Bupati Lotim Dapat Sorotan Keras Karena Pernyataan yang Inkonstisten dan Membingungkan

Lombok Timur saat ini menghadapi krisis yang cukup serius terkait kelangkaan LPG 3 Kg. Rapat dengar pendapat yang diadakan oleh DPRD Lombok Timur bersama Aliansi Pemuda dan Aktivis (ALPA) pada Senin, 6 April lalu berakhir tanpa solusi yang memadai. Alih-alih memberikan jalan keluar, pertemuan tersebut justru dianggap mandek dan tidak mampu merespons keresahan masyarakat yang semakin mendesak.
Kekecewaan ALPA Terhadap Pemerintah Daerah
ALPA Lotim tidak menahan diri dalam menyampaikan rasa kekecewaannya. Mereka menilai bahwa baik DPRD, pemerintah daerah, maupun distributor tampak gagal menghadirkan solusi yang nyata. Masyarakat, di sisi lain, terus dipaksa menghadapi kelangkaan dan harga LPG yang melambung tinggi di lapangan.

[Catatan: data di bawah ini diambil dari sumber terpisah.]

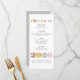 Adicione um toque de elegância moderna à celebração de Anos novos deste ano com este cartão de menu. A simples design apresenta alegria a 2024 numa tipografia moderna numa paleta de ouro e prata. O modelo é criado para uma refeição de quatro pratos. Personalize com seu nome de família. O reverso está em uma cor prateada coordenadora.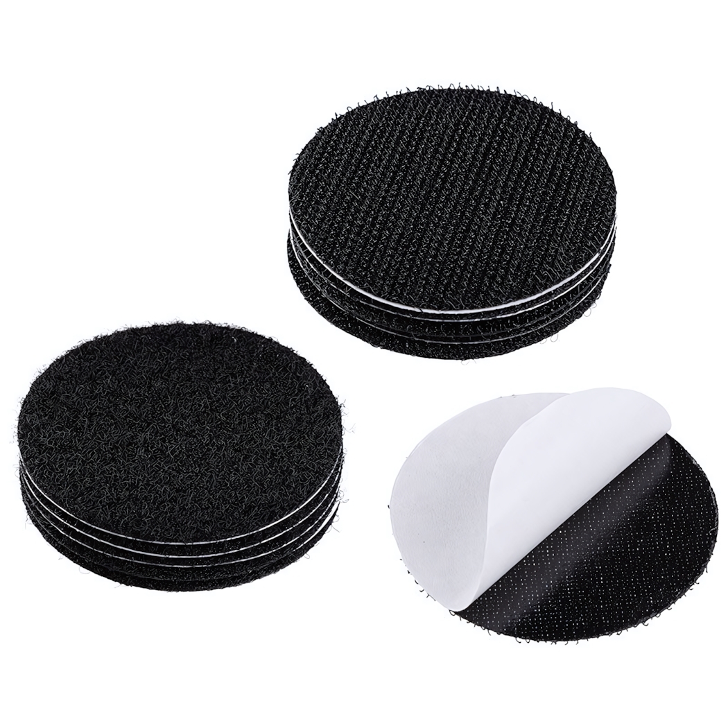 Практические детали: диаметр 5 см, материал — текстиль с клеевой основой, упаковка — 5 штук, цвет — черный. Идеально подходят для организации пространства и временного крепления различных предметов, позволяют избавиться от грязных и неудобных креплений, держат надежно до разъединения.

Ketua ALPA Lotim, Hadi Tamara, menegaskan bahwa masalah kelangkaan LPG bukanlah isu baru. Namun, penanganan dari pihak berwenang terkesan lamban, tidak terarah, dan dipenuhi kebijakan yang salah langkah.
Pernyataan Bupati yang Membingungkan
Dalam situasi ini, sorotan tajam juga ditujukan kepada Bupati Lombok Timur. ALPA menilai bahwa sikap dan pernyataan dari kepala daerah justru membingungkan masyarakat. Sebelumnya, Bupati menyatakan bahwa kondisi pasokan LPG aman dan menyalahkan kepanikan masyarakat sebagai penyebab kelangkaan. Namun, pernyataan tersebut berubah seiring dengan munculnya dugaan penimbunan oleh oknum yang hingga kini belum terungkap.
ALPA juga menyoroti adanya kelemahan dalam koordinasi internal di pemerintah daerah. Hadi Tamara menekankan bahwa Bupati, Sekretaris Daerah, dan Kepala Dinas Perdagangan tampaknya tidak berada pada satu visi dalam menyampaikan informasi kepada publik.
Ketidakpastian Informasi
“Setiap hari, pernyataan yang muncul di media berbeda-beda. Ini mencerminkan tidak adanya koordinasi yang jelas dalam internal pemerintah daerah. Jangan sampai pernyataan yang dikeluarkan hanya sekadar omong kosong tanpa didasarkan pada data dan langkah yang tepat,” tegas Hadi.
Di sisi lain, pemerintah daerah telah membentuk satuan tugas (satgas) untuk mengawasi distribusi LPG di Lombok Timur. Namun, ALPA menilai bahwa langkah ini datang terlambat dan bisa menjadi tidak efektif jika tidak disertai dengan perbaikan sistem distribusi dan pengawasan yang terintegrasi.
Akar Masalah Distribusi
ALPA berpendapat bahwa akar dari masalah ini terletak pada sistem distribusi yang kacau dan lemahnya pengawasan dari pihak berwenang. Tanpa adanya perbaikan serius pada dua aspek tersebut, kelangkaan LPG dipastikan akan terus berulang, dan masyarakat akan terus menjadi korban dari situasi ini.
Komitmen ALPA untuk Mengawal Isu
Tak berhenti pada rapat yang tidak menghasilkan kesepakatan, ALPA Lotim menyatakan komitmennya untuk terus mengawal isu ini hingga tuntas. Mereka bertekad untuk mengawasi kinerja satuan tugas yang dibentuk oleh pemerintah daerah agar tidak sekadar menjadi simbolis tanpa hasil yang konkret.
“Masalah ini menyangkut kebutuhan dasar masyarakat. Kami tidak akan tinggal diam. Kami akan terus memantau, mengawasi, dan menekan hingga persoalan ini benar-benar teratasi,” tegas ALPA dengan penuh semangat.
Ujian bagi Pemerintah Daerah
Situasi ini merupakan ujian berat bagi pemerintah daerah. Di tengah krisis yang berdampak langsung pada kebutuhan sehari-hari rakyat kecil, publik kini menantikan tindakan nyata yang terukur dan berpihak, bukan hanya sekadar pernyataan tanpa makna. Masyarakat berharap agar pemerintah dapat segera mengambil langkah-langkah yang tepat untuk mengatasi masalah kelangkaan LPG ini.